2 thoughts on “Marketing as a change agent (pt 3)

  1. Some good analysis over this series. Marketing/customer orientation should be more than what the typical marketing department now does – it should be at the core of the organisation’s strategy and delivery.

    (The Ryanair example is possibly a little unfair, though. It adds value through relentless operational cost-cutting, therefore meeting its customers’ requirement for affordable flights. Compare with Singapore Airlines’ VIP cabins and services, which are as much about luxury hospitality as the flight itself.)

    I think that part of the problem is that too many marketers have their eyes on their next job. They deliver exceptional CV-friendly *campaigns* but don’t recognise the value of feeding back and contributing to the wider organisation. Short-term ROI metrics simply reinforce this.

    It’ll take a major culture shift in many organisations to turn this around. These 3 things would help.

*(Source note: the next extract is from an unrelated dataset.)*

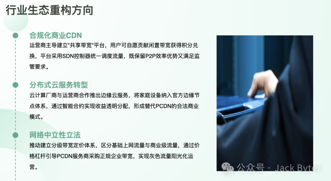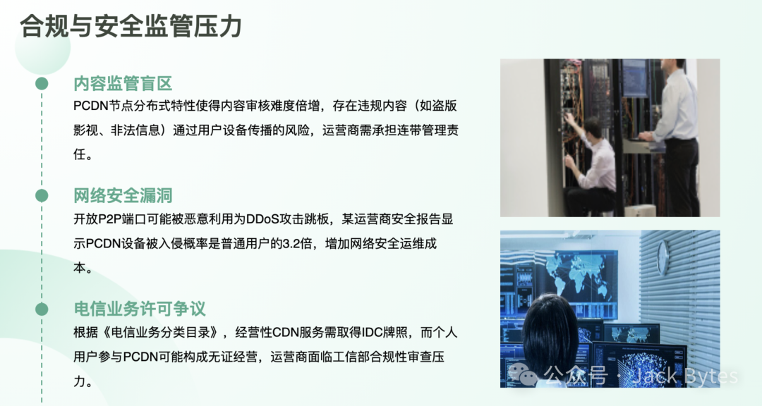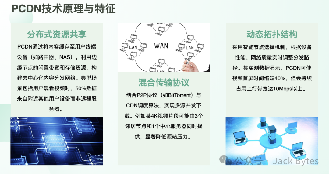 相信大家一定在網(wǎng)上看到過這些情況:有些用戶遭遇網(wǎng)絡(luò)異常,包括頻繁斷網(wǎng)、網(wǎng)速下降,甚至被運營商警告或封禁賬號。 這一現(xiàn)象的背后,是運營商對「PCDN」服務(wù)的集中整治。 那么PCDN究竟是什么?為何引發(fā)運營商大規(guī)模封殺?本文將從技術(shù)原理、商業(yè)矛盾及用戶影響等角度進(jìn)行解析。 一、什么是PCDNPCDN,實際上就是P2P+CDN,英文名稱是:Peer to Peer Content Delivery Network,中文名稱是:點對點內(nèi)容分發(fā)網(wǎng)絡(luò)。 P2P服務(wù),就是點對點服務(wù),是一個去中心化的理念,在P2P構(gòu)成的網(wǎng)絡(luò)中,每個設(shè)備既是客戶端,又是服務(wù)端,如下圖所示: CDN,就是內(nèi)容分發(fā)網(wǎng)絡(luò),是一種用于加速網(wǎng)站內(nèi)容傳輸?shù)募夹g(shù)網(wǎng)絡(luò),通過在全球部署分布式節(jié)點服務(wù)器,緩存并就近分發(fā)靜態(tài)及動態(tài)內(nèi)容,顯著降低訪問延遲、提升加載速度的網(wǎng)絡(luò)加速技術(shù),能有效減輕源站壓力并保障高并發(fā)下的穩(wěn)定傳輸,同時集成安全防護(hù)功能,廣泛應(yīng)用于電商、視頻、游戲等領(lǐng)域的實時內(nèi)容交付,并持續(xù)融合邊緣計算與智能調(diào)度優(yōu)化服務(wù)能力。 PCDN,就是P2P服務(wù)和CDN服務(wù)的結(jié)合。 在傳統(tǒng)CDN服務(wù)中,會有單獨的CDN服務(wù)器來作為節(jié)點。而PCDN中,將每個用戶的設(shè)備作為CDN服務(wù)器。 從上面的解釋可以看到,在PCDN中,每個設(shè)備都被作為了CDN節(jié)點,其中的設(shè)備除了會下載數(shù)據(jù),同時也會上傳數(shù)據(jù)。 運營商封殺PCDN主要是因為以下因素: 這其中也存在著商業(yè)利益沖突: 另外,還存在著合規(guī)與安全監(jiān)管壓力: 在未來,運營商可能通過諸如深度流量識別技術(shù)、區(qū)塊鏈溯源體系、動態(tài)信用評級機制來實現(xiàn)PCDN流量的識別、溯源、評級。 當(dāng)然,PCDN服務(wù)商也可能會進(jìn)行技術(shù)對抗,如通過邊緣計算融合、動態(tài)拓?fù)渲貥?gòu)、硬件級隱匿方案等技術(shù)來隱藏PCDN流量。 當(dāng)然,一味的封殺也不是健康的方向,畢竟技術(shù)是在持續(xù)升級的,可以通過合規(guī)化商業(yè)CDN、分布式云服務(wù)轉(zhuǎn)型、網(wǎng)絡(luò)中心性立法等方案來引導(dǎo)建立「共享帶寬」平臺,從而讓用戶可以自愿貢獻(xiàn)閑置資源,并通過運行商的統(tǒng)一調(diào)度平臺進(jìn)行流量調(diào)度,這樣既可以包括P2P效率優(yōu)勢,又能滿足監(jiān)管需求。 閱讀原文:原文鏈接 該文章在 2025/6/23 12:49:50 編輯過 |

    1) Pin the IoM’s (or AMA’s) definition of marketing on every marketer’s desk: “Marketing is the management process responsible for identifying, anticipating and satisfying customer requirements profitably”

    2) Refocus on long-term continuous metrics such as customer lifetime values and customer satisfaction, rather than short-term discrete campaign metrics. Do this from the recruitment and selection process through to appraisal and reward.

    3) Reappraise the corporate strategy to ensure that it’s customer-focussed. Encourage and reward knowledge feedback to ensure that the strategy still has a sound basis and on-course.